Tempey posted another video Thursday of a couple dozen MORE bags full of chickens being loaded into a garbage truck in Crown Heights. Strangely, in the video, workers with the truck company claim those chickens are headed to a "rendering" plant to be made into biofuel.

The significance of both videos, aside from reminding everyone how nasty this ritual can get, is this: A core argument for upholding the Kaporos tradition is that the chickens are supposedly being eaten for dinner by their twirlers — or, at the very least, sold to the poor.

After observing reality on the ground in Brooklyn, though, Gothamist's Tempey doubts those rules are being followed.

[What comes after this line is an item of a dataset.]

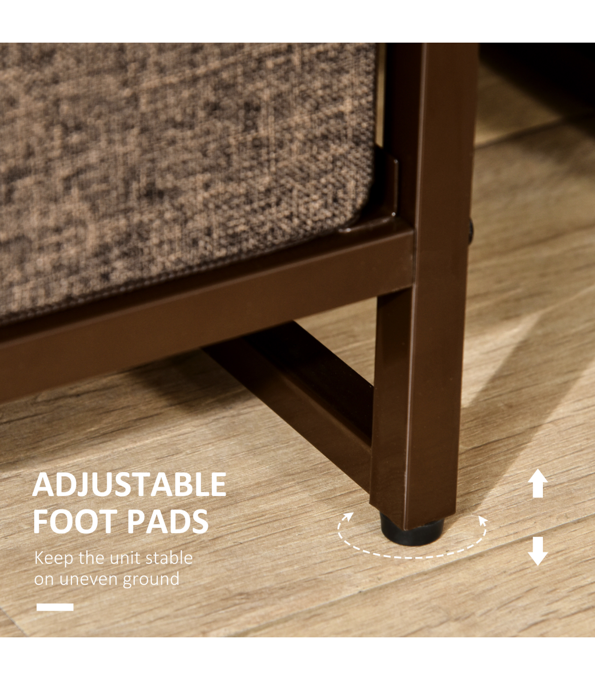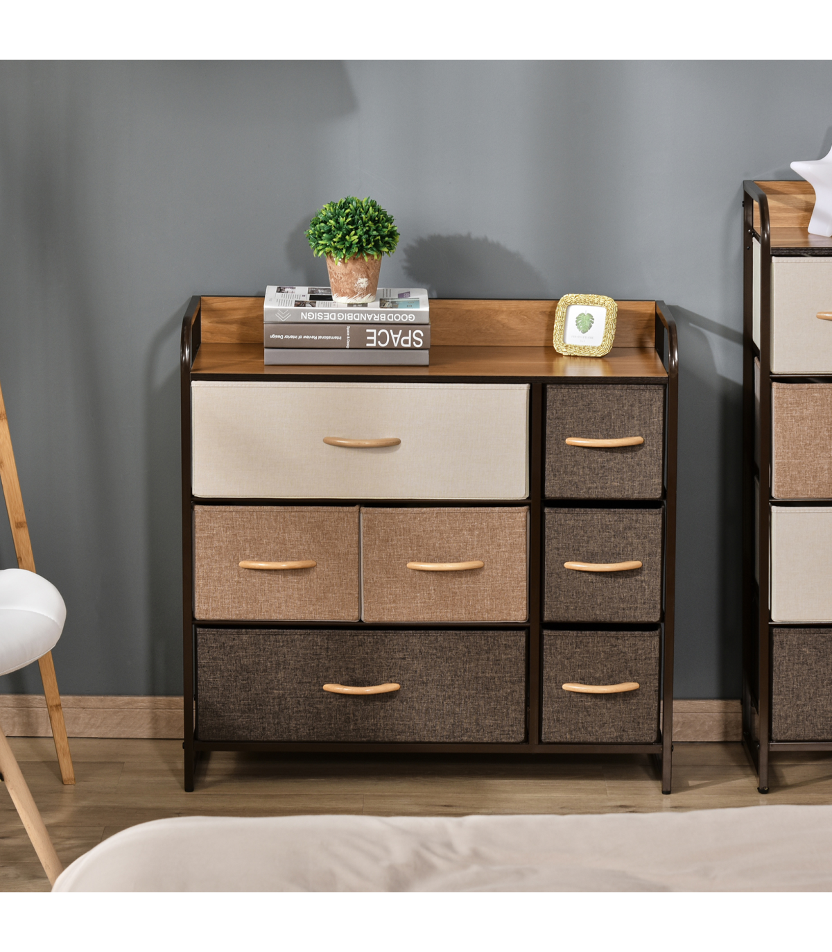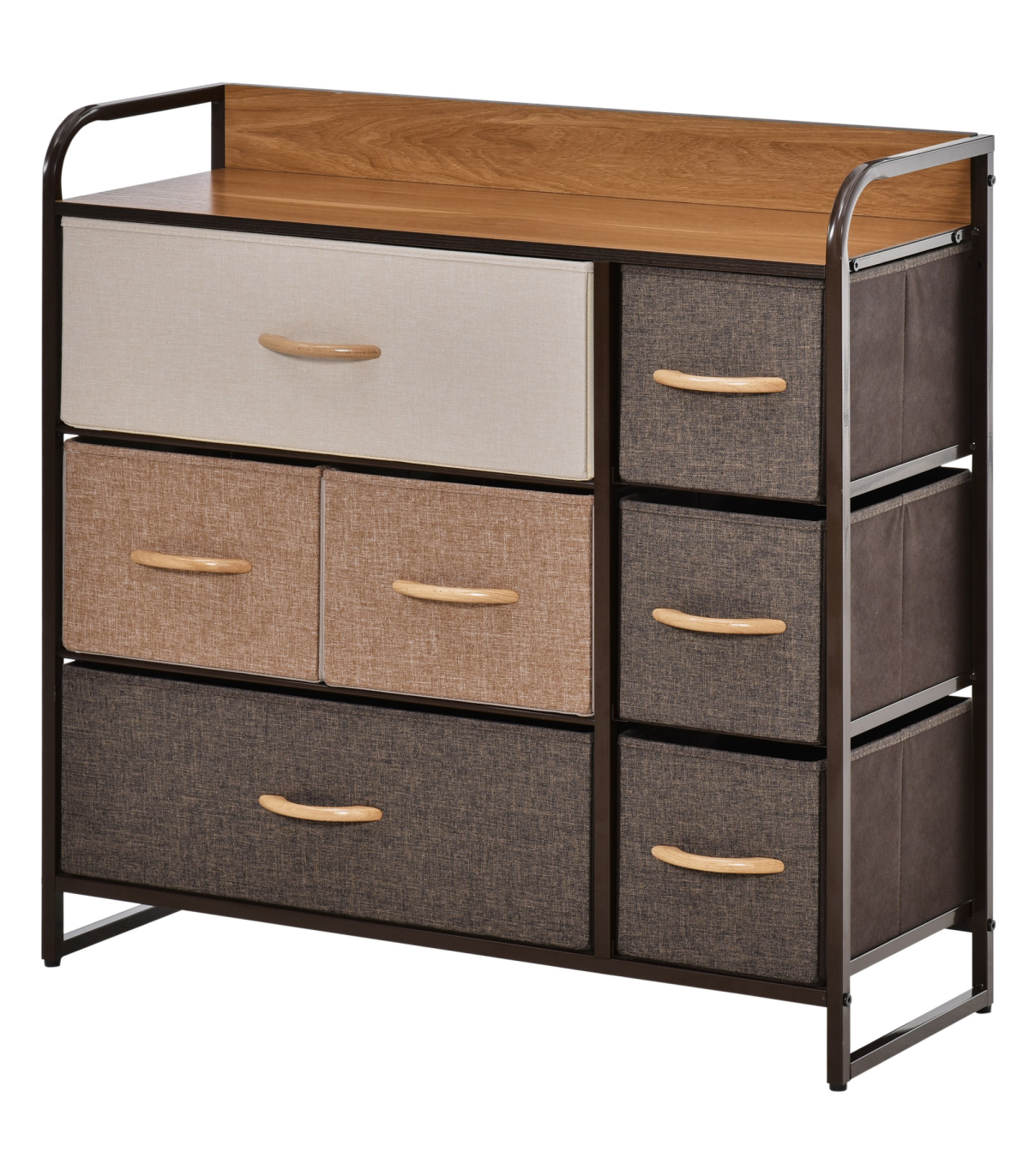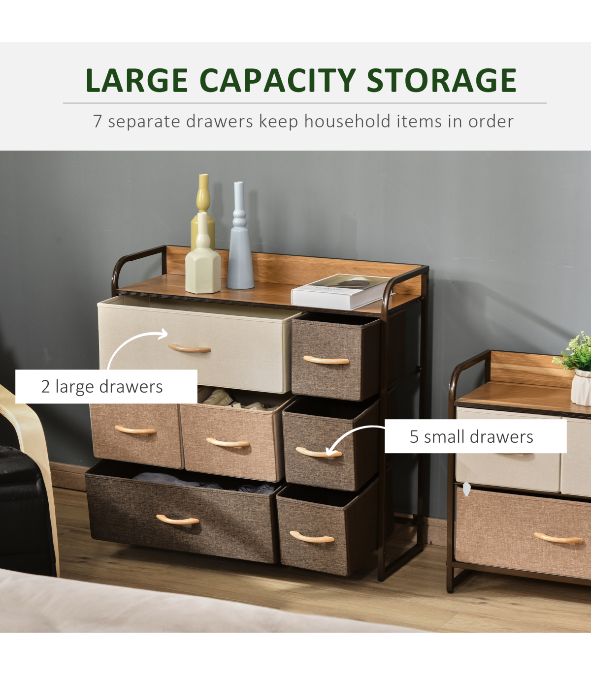 Enhance your home storage with the HOMCOM 7-Drawer Dresser, a perfect blend of style and functionality. This fabric chest of drawers features a unique multi-colored design that adds a pop of color to any room. With two large, two medium, and three small drawers, it offers versatile storage solutions for your clothes, accessories, and other essentials. The top shelf, crafted from MDF in a wood effect, provides additional display space that's both attractive and easy to maintain. The sturdy metal frame ensures long-lasting support, while adjustable feet keep the dresser balanced on uneven floors. Whether in your bedroom, living room, or hallway, this storage organizer is designed to keep your space tidy and stylish.

This year, he wrote: "Given the challenges of safely storing and transporting chicken carcasses for human consumption (and the rigorous requirements of the federal Poultry Products Inspection Acts), it seems safe to say that if you don't see some large refrigeration equipment at a kaporos event, the meat is probably not edible, or shouldn't be eaten. Indeed, at this year's large-scale events Monday evening on President Street at Kingston Avenue and on the Eastern Parkway service road, no refrigeration was apparent."

Trash bags full of chickens are a pretty common sight around this time of year in the Crown Heights area, due to the above mentioned Kaporos ceremonies on President Street and Eastern Parkway. The remote, overgrown streets of Cypress Hills, however, where Bakal stumbled across a portion of the Kaporos slaughter this week, are miles from Brooklyn's Orthodox epicenter — meaning someone apparently trucked these chickens out of Crown Heights or Williamsburg and dumped them in a spot where they thought no one would find them.

Homies should have known: Anywhere you go in Brooklyn, you're never far from an animal activist with a smartphone.